In the display device (1160), first and second drain voltages of a driving transistor of each pixel of a selected pixel row are measured at first and second points in time of a sensing time within a vertical blank period, a current saturated drain voltage of the driving transistor is predicted based on the first and second source voltages, a threshold voltage variation of the driving transistor is calculated based on a difference between a previous saturated drain voltage and the current saturated drain voltage, and a threshold voltage of the driving transistor can be determined based on the threshold voltage variation.

Accordingly, since the current saturation source voltage of the driving transistor after saturation is predicted using the first and second drain voltages of the driving transistor before saturation, the sensing operation for sensing the threshold voltage of the driving transistor can be performed in real time while the display device (1160) displays an image, and can also be performed accurately and efficiently.

According to an embodiment, the electronic device (1100) may be any electronic device including a display device (1160), such as a television (TV), a digital television (DTV), a 3D TV, a cellular phone, a smart phone, a tablet computer, a virtual reality (VR) device, a personal computer (PC), a home appliance, a laptop computer, a personal digital assistant (PDA), a portable multimedia player (PMP), a digital camera, a music player, a portable game console, a navigation system, etc.

The above description is merely an illustrative description of the technical idea of the present invention, and those skilled in the art will appreciate that various modifications and variations may be made without departing from the essential characteristics of the present invention.
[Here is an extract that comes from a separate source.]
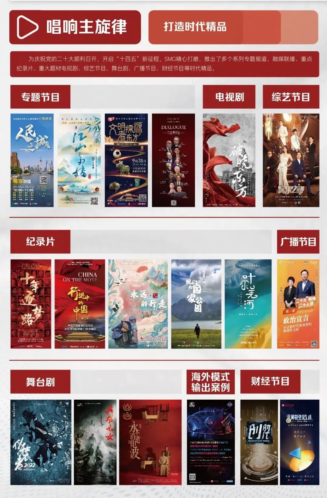 具体包括:专题节目《“人民之城”》融媒体联播、《江山多娇——探访国家文化公园》融媒报道、《“最早的中国·文明之美看东方”》直播特别报道、《与世界对话——引领未来的中国智慧》系列访谈纪录片《十年逐梦路》《行进中的中国》重大革命题材剧《破晓东方》全国首档全产业链音乐剧文化推广节目《爱乐之都》;海外模式输出案例《我们的歌》音乐剧《伪装者》《永不消逝的电波》、话剧《英雄儿女》;广播节目《二十大精神二十人讲》;财经节目《来点财经范儿》等。
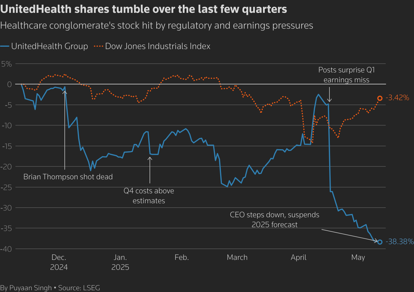 Trong vòng một năm qua, UnitedHealth gặp nhiều vấn đề như tấn công mạng ảnh hưởng đến 190 triệu người, điều tra liên quan đến thanh toán Medicare, và chi phí y tế gia tăng đột ngột. Vụ CEO bộ phận bảo hiểm bị sát hại cuối năm ngoái cũng khiến tình hình trở nên căng thẳng hơn.

Accordingly, the embodiments disclosed in the present invention are not intended to limit the technical idea of the present invention but to explain it, and the scope of the technical idea of the present invention is not limited by these embodiments. The protection scope of the present invention should be interpreted by the following claims, and all technical ideas within a scope equivalent thereto should be interpreted as being included in the scope of the rights of the present invention.